Eksperyment świecznikowy

 

Ostatnio przed warsztatem świecznikowym zabrałam się za eksperymentowanie, czyli klejenie szkła do szkła oraz fugowanie efektu. Bardzo lubię świeczniki ze szkła witrażowego, dlatego postanowiłam szklaną mozaikę nakleić na szklany świecznik i zafugować. Używałam szklanych , przeźroczystych kamieni szklanych – kaboszonów, transparentnej smalty (smalti) i szkła witrażowego.

20160710_152524

 

Do tej pory nie miałam doświadczenia z klejeniem mozaiki ze szkła do szkła. Zazwyczaj kleję ceramikę lub marmur do ceramiki, drewna albo kamienia, a tutaj nowe wyzwanie.

Licząc się z porażką, postanowiłam przetestować wszystkie preparaty  i kleje do szkła, które mam w posiadaniu. Przez preparat rozumiem magiczne „Permanent Dots” czyli „kropki kleju”, które zgodnie z pewnym tutorialem obejrzanym w internecie oraz wyznaniami producenta na opakowaniu miały być idealne do moich celów. Bardziej przekonywał mnie klej z Castoramy „Colle Tout” czyli „klejący wszystko” (przeźroczysty, czyli idealny do oklejenia przepuszczających światło świecy ścianek świecznika) i klej „Mamut”, który klei ponoć na amen wszystko do wszystkiego. Postanowiłam też przetestować stary dobry Butapren, który tak dobrze sprawdza się przy klejeniu mozaiki do siatki.

swiecznik

Efekty?
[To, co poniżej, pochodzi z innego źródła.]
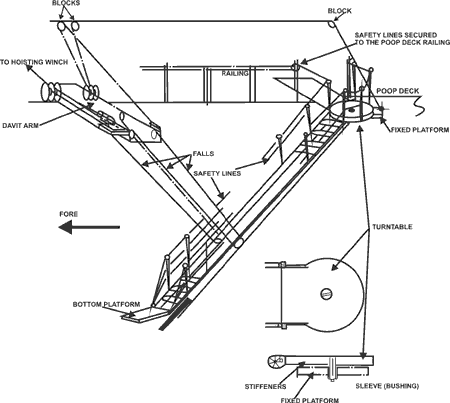 The falls are reeved through sets of sheaves that are fixed to a davit arm, one end of which is hinged to the deck. Through another system of sheaves and snatch blocks mounted on various deck and side posts, the falls are wound around the drums of an electric winch. To hold the .winch, and thence the ladder, in its last set position, the electric motor has an electromagnetic disc brake. A second manual band brake, intended for emergency use in case the main brake fails, is also fitted around one of the winch drums.

Dylemat, jaki klej do szkła będzie najlepszy rozstrzygnął się następująco:

  • permanetne kropki nie działają w ogóle, ponieważ kaboszony po prostu … odpadły od świecznika po 3 dniach przeznaczonych na wyschnięcie świecznika

sw

  • Mamut – świetnie trzyma, ale jako nieprzeźroczysty – blokuje światło,
  • butapren lekko jednak „jeździł” po świeczniku, więc też się nie nadaje
  • absolutnym hitem jest klej „Colle tout”, który kupiłam niestety we Francji i teraz muszę znaleźć jego odpowiednik w Polsce:(. Nie tylko jego przeźroczystość pozwala uzyskać piękny efekt migotania światła, ale przede wszystkim szkło do szkła się świetnie klei.

sdfsd

W przypadku mojego projektu wadą Mamuta było to, że nie jest przeźroczysty, ale mogę potwierdzić jego skuteczność jako fajnego kleju klejącego szkło do szkła.
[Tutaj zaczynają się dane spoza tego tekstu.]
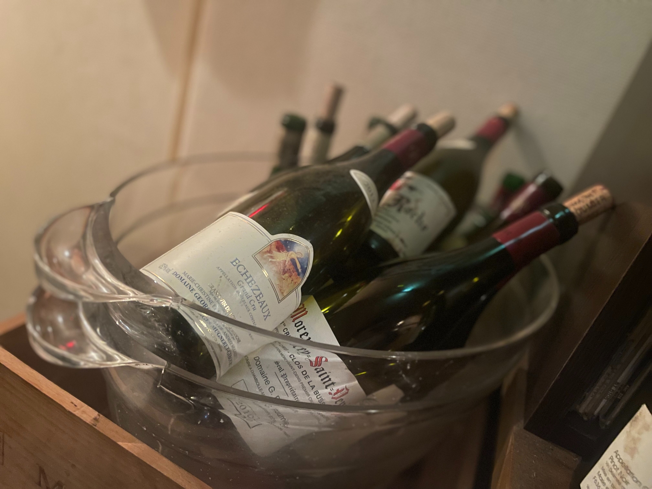 入ると、バーカウンターの横には、おすすめのワインがずらりと。

Ponieważ był to głównie eksperyment klejowy, nie poświęciłam jak widać zbyt wiele czasu na stworzenie wyrafinowanego projektu. Chciałam też sprawdzić, na ile na szkle fuga da się umieścić na dużych „niezamozaikowanych” przystrzeniach. Jest to możliwe, ale wymaga o wiele więcej uważności niż normalne fugowanie – czyli: można, ale nie polecam szczególnie.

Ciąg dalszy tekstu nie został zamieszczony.